PyData Seattle 2023

The Python Data Ecosystem: Navigating a fragmented landscape.
04-28, 11:45–12:30 (America/Los_Angeles), Kodiak Theatre

The Python data landscape is constantly evolving and has become increasingly fragmented, making it difficult for data teams to navigate and pick the right tools and evolve existing tools as needs evolve. With so many options available, how can teams optimize their decisions? And more importantly, how can they ensure that the tools they choose will prevent frequent tool changes down the road? This talk will serve as a guide for those who are overwhelmed by the current state of data tools.


In this talk, Ketan Umare — CEO and co-founder of Union.ai, and creator of Flyte and Yee Tong, founding engineer Union.ai and Flyte — will lay out the common pitfalls when making data tooling decisions in a fragmented world. They will explore the factors and design patterns that data teams should know to future-proof their projects by ensuring scalability, ease of use and interoperability.

Ketan & Yee will give practical tips on how to make sense of the various data formats available in the Python ecosystem, including data-frames, tensors and various file formats, as well as how to handle complex and evolving datasets. Some of the dilemmas that data teams often face are:
- Deciding between pandas, polars and modin for data manipulation and determining the best way to interact with specific data formats.
- Optimizing data access (streaming vs batch) to maximize training and GPU efficiency.
- Selecting the right data frameworks and tools for both, large and small data volumes.
- Making sure that data is valid and high quality and doesn’t degrade throughout workflow operations.
- Optimizing overall performance.

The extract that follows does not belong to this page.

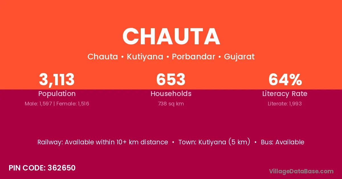Kutiyana (5 km) is the nearest town to Chauta village for major economic activities and is located approximately 5 km away.
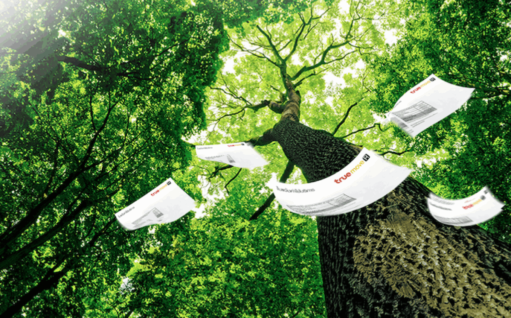 รวมทั้งนำนวัตกรรมมาสนับสนุนการลดการปล่อยก๊าซเรือนกระจกในแฟลตฟอร์มนวัตกรรมลดการปล่อยก๊าซเรือนกระจก ได้แก่ การนำระบบใบแจ้งค่าบริการและใบเสร็จรับเงินอิเล็กทรอนิกส์ (True E-Billing และ True E-Tax Invoice) แทนการใช้กระดาษ สามารถลดการใช้กระดาษได้มากกว่า 213 ล้านแผ่น หลีกเลี่ยงการปล่อยก๊าซเรือนกระจกได้ 2,242 ตันคาร์บอนไดออกไซด์เทียบเท่า

Picking the right frameworks and ensuring interoperability between frameworks like Spark, Ray, Databricks and Flyte to leverage distributed computing resources.

Attendees will leave with a better understanding and practical approaches that have worked for many large companies who have encountered these problems.


Prior Knowledge Expected

No previous knowledge expected

Ketan Umare is CEO and co-founder of Union.ai -- a pioneering technology company that empowers organizations to achieve reliable, reproducible, and cost-effective machine learning and data orchestration through Union Cloud, a managed version of the powerful Flyte platform. As the leading contributor to Flyte, Union.ai was founded by the engineers who created this groundbreaking, Kubernetes-native workflow automation platform (Ketan was the lead for this team). Trusted by industry giants like Lyft, Spotify, GoJek, LinkedIn, Toyota, Intel, Wolt, Freenome etc Flyte streamlines the data science and machine learning journey from ideation to production.
Prior to Union, Ketan played many senior roles at multiple organizations including Amazon, Oracle and Lyft. In his spare time he enjoys spending time with his 2 daugthers and exploring the outdoors.

Hi. I'm Yee, a software engineer at Union AI and one of the co-creators of flyte.org, a popular orchestration platform geared towards ML and data-science. My interests are in infrastructure and distributed systems, particularly as they relate to the ever growing ML field.